## What is needed:
Find the line containing "今日の献立は、昆布飯、いわし", then print it and each line after it through the end of the listing exactly, with no pictures.

## Data shown:
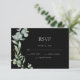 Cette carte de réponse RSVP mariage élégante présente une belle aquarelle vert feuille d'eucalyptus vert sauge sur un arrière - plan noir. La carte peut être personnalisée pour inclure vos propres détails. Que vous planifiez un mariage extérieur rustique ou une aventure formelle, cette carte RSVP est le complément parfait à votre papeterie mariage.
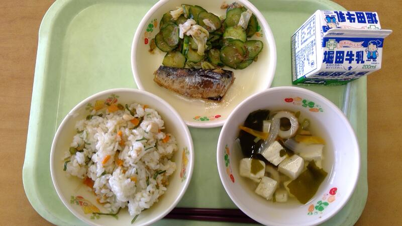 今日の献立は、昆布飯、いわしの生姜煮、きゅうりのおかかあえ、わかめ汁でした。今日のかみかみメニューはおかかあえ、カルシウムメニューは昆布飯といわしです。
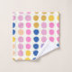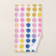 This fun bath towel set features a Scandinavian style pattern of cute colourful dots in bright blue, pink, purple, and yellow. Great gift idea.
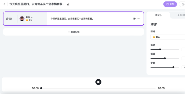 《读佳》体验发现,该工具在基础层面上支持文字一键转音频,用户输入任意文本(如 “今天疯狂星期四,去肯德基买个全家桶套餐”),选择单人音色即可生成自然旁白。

## Solution for this task:
 今日の献立は、昆布飯、いわしの生姜煮、きゅうりのおかかあえ、わかめ汁でした。今日のかみかみメニューはおかかあえ、カルシウムメニューは昆布飯といわしです。
 This fun bath towel set features a Scandinavian style pattern of cute colourful dots in bright blue, pink, purple, and yellow. Great gift idea.
 《读佳》体验发现,该工具在基础层面上支持文字一键转音频,用户输入任意文本(如 “今天疯狂星期四,去肯德基买个全家桶套餐”),选择单人音色即可生成自然旁白。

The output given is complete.